David F. Rook era un golfista atipico. Un buon giocatore, sulla carta 4 o 5 di handicap, ma alla fine delle 18 buche il suo score raramente segnava meno di 80; nonostante questo giocava un bel golf. Sapeva lavorare la palla, aveva una visione completa del gioco e sapeva tirare dei colpi di recupero inimmaginabili, ma immancabilmente in ogni giro faceva un paio di tripli o quadrupli bogey che distruggevano il suo score.
“Il mio golf è perfetto all’83,3%” diceva David; 15 buche giocate attorno al par del campo, con un paio di birdie e qualche occasionale bogey, e tre buche di follia pura, in cui poteva succedere di tutto: ganci dal tee che si perdevano in aree inesplorate del bosco, socket dal centro del fairway che finivano in acqua dove non ricordavi neanche che ci fosse un lago, “lamate” dal bunker che sibilavano fuori limite 20 o 30 metri dietro al green. David non se la prendeva mai: imprecava con il suo caratteristico accento anglosassone, rideva di gusto dei suoi colpi erratici e si lasciava prendere in giro da noi, gli amici con cui giocava abitualmente.
Ormai sono passati tanti anni dall’ultima volta che abbiamo giocato insieme: finita la sua esperienza di lavoro in Italia David è tornato a vivere oltre Manica, ma il suo spirito del gioco pervade ancora le nostre “partitelle” fra amici. Jack Nicklaus disse una volta “l’unica cosa costante nel golf, è l’incostanza”: prendiamone atto e dimentichiamoci dello score, divertiamoci a tirare i colpi, proviamo a giocare recuperi impossibili, godiamo di quella sensazione che ti lascia nelle mani, alla fine delle diciotto buche, il ricordo di quei tre o quattro colpi perfetti, usciti dalla faccia del bastone esattamente come li avevi immaginati.
Con il passare del tempo ho abbracciato sempre di più questa filosofia, e anche se negli ultimi anni i miei score arrancano per stare sotto gli 80, mi diverto molto di più rispetto a quando l’unico obiettivo era quel numero finale, per calare di qualche virgola il mio handicap.
Ammetto che mi piace(rebbe) giocare regolarmente intorno al par, ma prendo quello che viene, tiro qualche bel colpo e gioco le mie buche “alla David” senza curarmene troppo: il tempo che riesco a dedicare al golf è poco, o comunque meno di quello che vorrei, ma lo passo con gli amici con cui sono cresciuto e nessuno di noi lascia che un paio di tripli bogey possano rovinarci la giornata.
Non sto dicendo che non ci sia spirito di competizione: le nostre partitelle per la birra sono sempre molto combattute, e vi assicuro che vincere una buca con il doppio bogey, oltre a infondere un certo senso di ilarità in tutti quanti, dà anche una certa soddisfazione e restituisce un po’ di dignità al golf giocato male.

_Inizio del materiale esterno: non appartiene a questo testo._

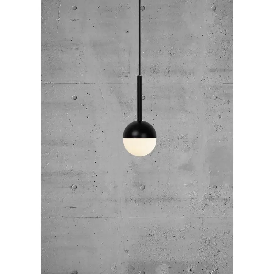 En vacker hänglampa i art déco-stil gjord av metall och opalvitt glas. Lampans diameter är 10 cm och höjden är 23 cm. Takkoppens diameter är 12 cm och höjden är 2,5 cm. Längden på hängsnöret är 200 cm. Fast installation, sockerblocksanslutning.

E allora viviamo appieno quelle 15 buche su 18 giocate bene, quell’83,3%, lasciamoci pervadere dalle emozioni che ci regalano quei pochi colpi veramente belli che tiriamo in un giro, cogliamo il senso comico delle flappe, degli shank, dei ganci e degli slice e lasciamo che lo score sia solo un numero che, molte volte, non racconta tutta la verità su quanto ci siamo divertiti sul campo da golf.